On 23 July 2017, Asaad moved to Hammarby IF, reportedly on a free transfer. Asaad signed a 1.5-year contract, with an option for a further, with the Stockholm-based club. He made his debut for the side on 13 August, starting as a central midfielder, in a 2–2 home draw against Östersund.

In 2018, Asaad was used sparingly by Hammarby without making any league appearances. On 11 August, he got sent on loan for the remainder of the season to affiliated club IK Frej in Superettan. Asaad left Hammarby in December 2018 upon the expiration of his contract.

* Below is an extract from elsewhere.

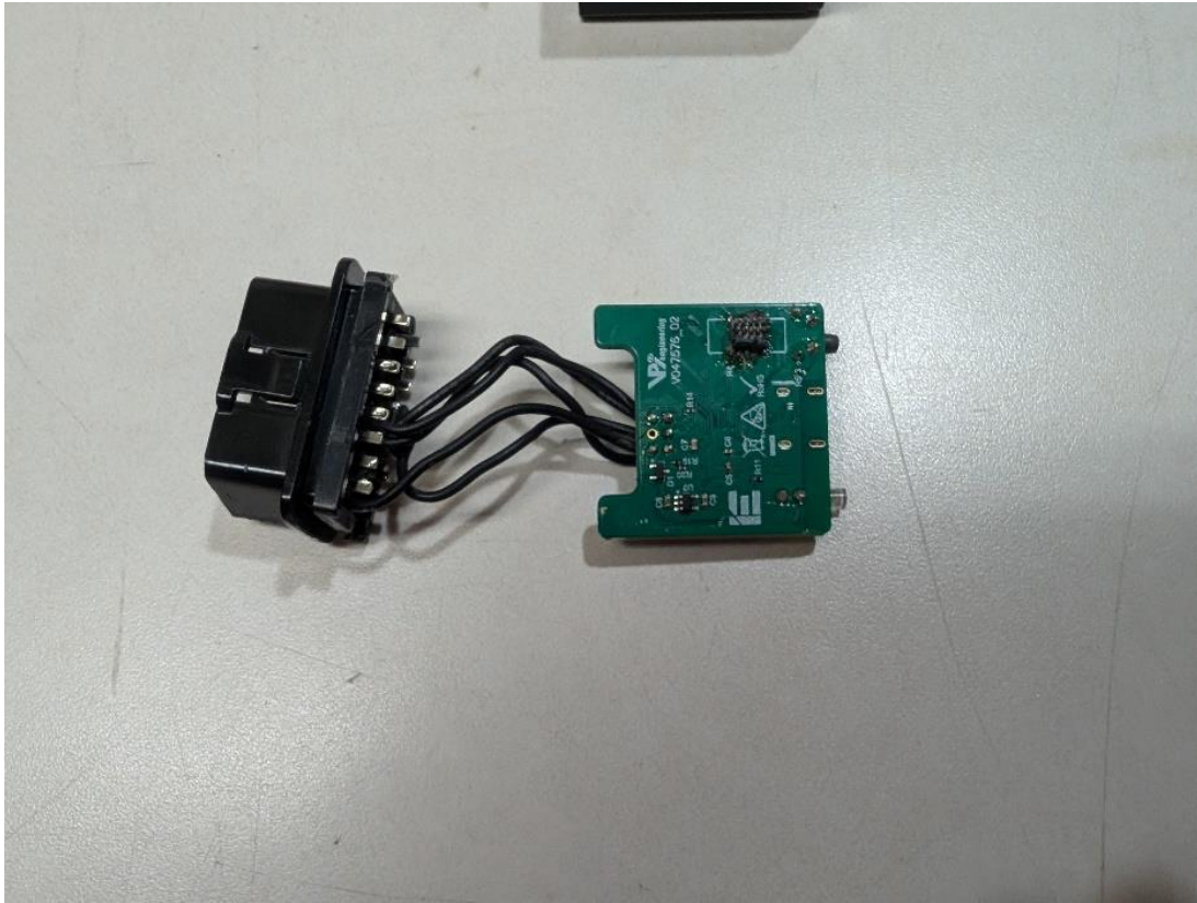
Photograph 5 – View of the PCB removed from enclosure

On 26 January 2021, Asaad moved to Lunds BK.

==International career==
During 2015, Asaad attracted interest from the Iraqi national football team. He was called up to train with the side on several occasions the same year.

Asaad was called up to the preliminary Iraqi under-23 squad ahead of the 2016 Summer Olympics in Brazil. However, he did not feature in the main tournament after being dropped from the squad by manager Abdul Ghani Shahad.

Rebin Asaad earned his first call-up to the Iraqi senior national team in October 2017, ahead of a friendly against Syria on 13 November.

==Personal life==
Alan Asaad, his younger brother born in 1998, is also a professional footballer playing for Degerfors IF in Superettan, Sweden's second tier. His older brother Nazad Asaad, born in 1988, is a retired footballer that belonged to the academy of Udinese Calcio in Serie A between 2005 and 2007 and later went on to make 3 appearances in the Polish Ekstraklasa for ŁKS Łódź.